A morning breeze carried the sound of a soft growl from the surrounding woods, wrapped in the nauseating scent of blood. He edged around the tree, stepping over the outflung arm of a corpse, carefully minding his footing as he stared at the trees for any hint of motion, any signal of attack.
It would rush him, he decided. It would wait for a break in his attention and rely on its speed and strength to overwhelm him before he could bring a blow to bear. Expecting that, he braced his sword in both hands.
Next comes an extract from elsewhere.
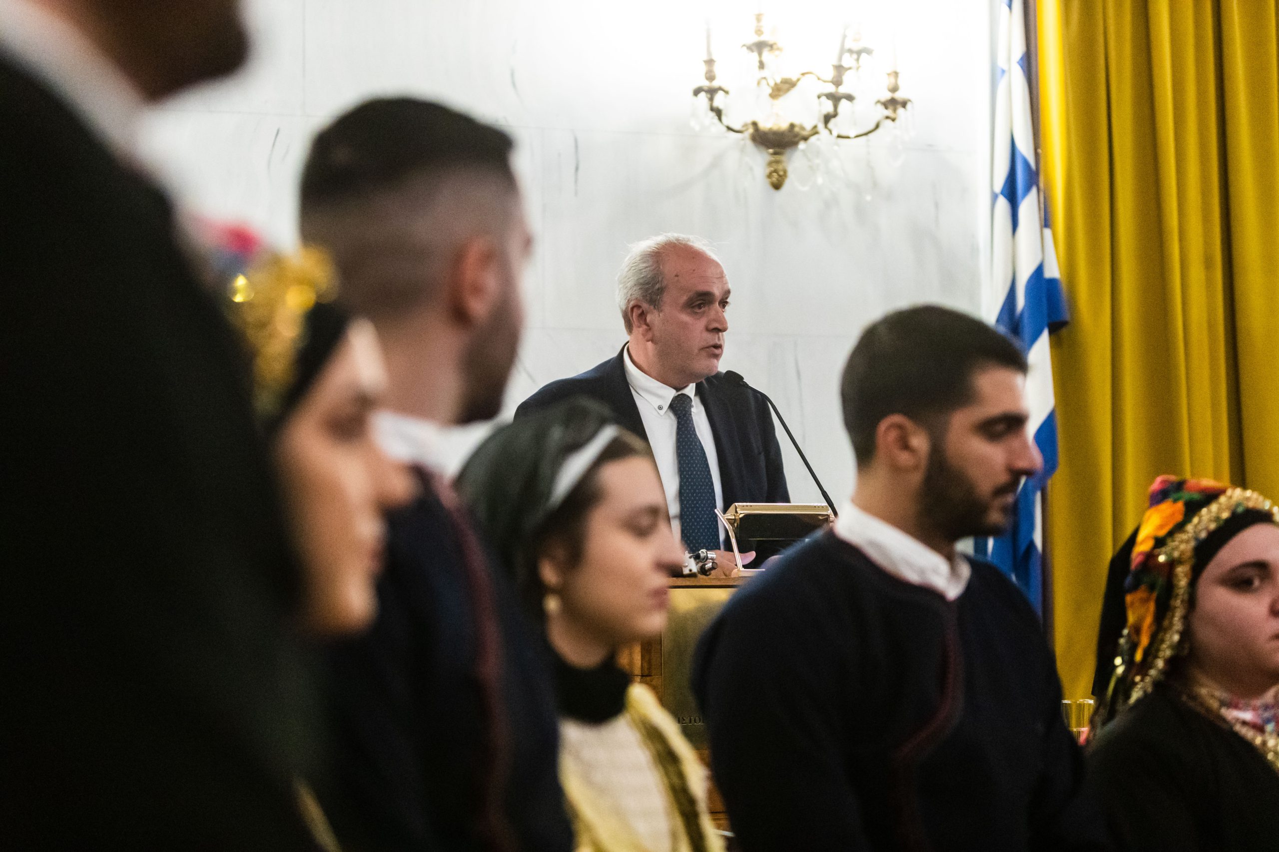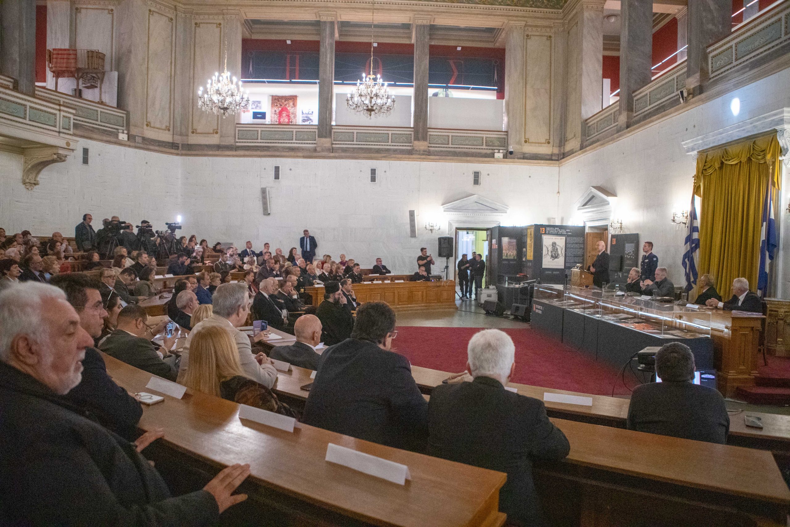 Θέλω να σας είμαι ειλικρινής. Είναι για εμένα μεγάλη τιμή που βρίσκομαι σήμερα σε αυτήν την αίθουσα, μια ιστορική αίθουσα για τον Ελληνισμό, την αίθουσα της Παλαιάς Βουλής, Έναν χώρο άρρηκτα συνδεδεμένο με την ελληνική ιστορία, με σημαντικές αποφάσεις αυτής της ιστορίας.

He could use the creature’s momentum to pierce its skull.
“Do you fear God’s judgment?” he called. “Face me!”
Something low spoke from the woods, a growling sepulchral voice that could have belonged to Satan himself: “Why would I concern myself with your God?”
A creaking growl filled the air, coming from just beyond the trees in front of Reinhart. It was as if the woods were hungry.
“Show yourself,” he called, willing his voice not to tremble.
“Speak more,” it said. “Yell, scream, call on your God. Let me hear it.”
A bead of sweat dripped out from under Reinhart’s helmet, stinging his eyes.
“You may mask your fear from other men, knight, but to me you reek of it. I taste your terror in the air around you, and it tastes as sweet as your flesh.”
“I am ready for you, Devil.”
“I am no devil,” the trees whispered at him. “And you are far from ready.”
Something exploded out of the underbrush at him, and Reinhart swung his sword, aiming head-high. As he had hoped, the momentum carried the onrushing body onto his sword, impaling it through its open jaw and through the back of its skull.
But it wasn’t the wolf whose deadweight pulled his sword arm down. It was the Pole who had tried to run, his face torn away so that only a blood-soaked skull looked up at Reinhart. He put his boot on the corpse’s chest to pull his sword free.
A gold-furred shadow leapt over the corpse as Reinhart pulled. He felt its breath against his cheek, followed by a wrenching pain in his neck that sent the world away into a blood-soaked darkness.